The 3 major, unique contributions documenting his style of karate 
Mattson has written several published books as well as e-book versions for electronic reading devices.  This includes the following: 
 The Way of Karate, Tuttle Publishing, 1958
 Uechiryu Karate Do : Classical Chinese Okinawan Self Defense, Peabody Publishing, 1974
 The Black Belt Test Guide, Peabody Publishing, 2008
 The Way of Uechi-ryu Karate, Peabody Publishing, 2010

Major Uechi-Ryū students of George Mattson 
 Campbell, Robert (10th degree black belt)
 Canna, Van  (10th degree black belt)
 Durkin, Buzz  (10th degree black belt)
 Maloney, James - Canada -  (10th degree black belt)
 Mattson, Walter - no relation - (10th degree black belt)
 Mattson, Chad - no relation - (10th degree black belt)
 Rabesa, Arthur  (10th degree black belt)
 Summers, Jack  (10th degree black belt)
 Blake, Windsong  (8th degree black belt)
 Deraney, George A.  (8th degree black belt)
 Finkelstein, David  (8th degree black belt)
 Glasheen, William  (8th degree black belt)
 Huff, Ed  (8th degree black belt)
 Mott, David   (8th degree black belt)
 Neide, Joan L.  (8th degree black belt)
 Wharton, Alton P. - Burmuda -   (8th degree black belt)
 Wilder, Clarence   (9th degree black belt)
 Witherell, Bruce  (9th degree black belt)
 Wong, Gary   (8th degree black belt)
 Yee, Darin   (8th degree black belt)
 Thom, Henry   (10th degree black belt)
 Tim Ford      (10th degree Black)          
He has sponsored an ongoing set of seminars by international karate masters including Okinawan Uechi-Ryu Karate-Do masters from Okinawa for over thirty years consecutively since 1983. Almost all of these have been in the United States of America except for the notable exception in 1985 which was held in Okinawa, Japan with virtual every Okinawan Uechi-Ryu Karate-Do master from Okinawa giving seminars and culminating in the participation in the annual All-Okinawa Karate-Do Kumite Championship with all styles of Okinawan Karate competing from all over the world each year.

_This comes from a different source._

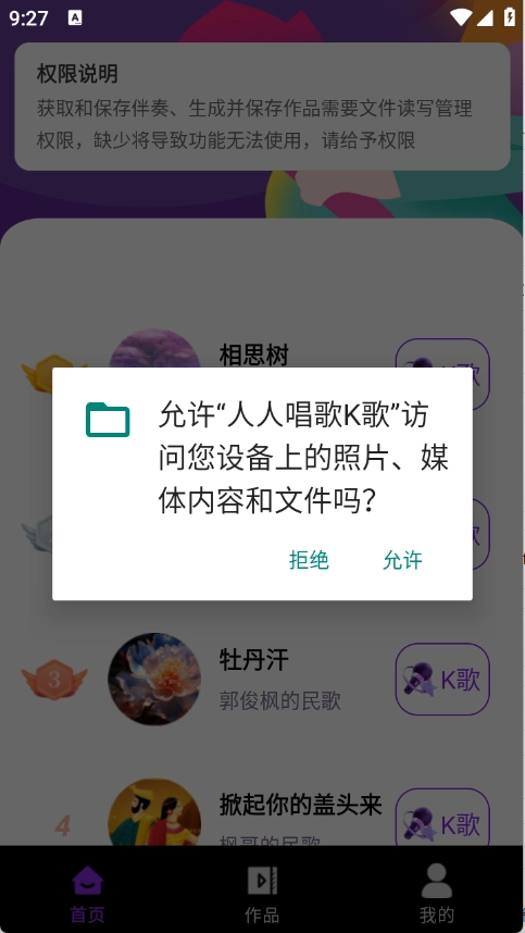 接着点击“k歌”,开启相关的权限。

George E. Mattson had been the chief instructor of a karate school in Boston at various location for decades. Many of his students upon mastery of Uechi-Ryu Karate-Do started successful karate schools in the Boston area and around Massachusetts and the New England area.  Many of them including George E. Mattson himself moved to Florida and started successful karate schools in Florida.  He currently teaches at his karate school in Mount Dora, Florida.

Early history 
Tomoyose Ryuko originally taught George E. Mattson as a young American serviceman for several hours in the evening after his duties on the military base in Okinawa only training occasionally at the Uechi-Ryu Karate-Do headquarters by Uechi Kanei and his other Master students. He was promoted to 1st degree black belt before leaving Okinawa at the end of his service in the military. Tomoyose Ryuko had studied previously with the founders of the other two major Okinawan Karate styles before starting lessons with Uechi Kanei finally. A few months before becoming too ill, Uechi Kanbun returned to Okinawa and taught at his son's karate school in Nago, Okinawa, Japan.  During that time, Tomoyose Ryuko studied with Kanbun Uechi and his students there. Tomoyose Ryuko therefore has the distinction of being one of the very few that was a student of all three founders of all three of the major styles of Okinawan Karate, Uechi Kanbun, Miyagi Chojun, and  Chibana Chosin.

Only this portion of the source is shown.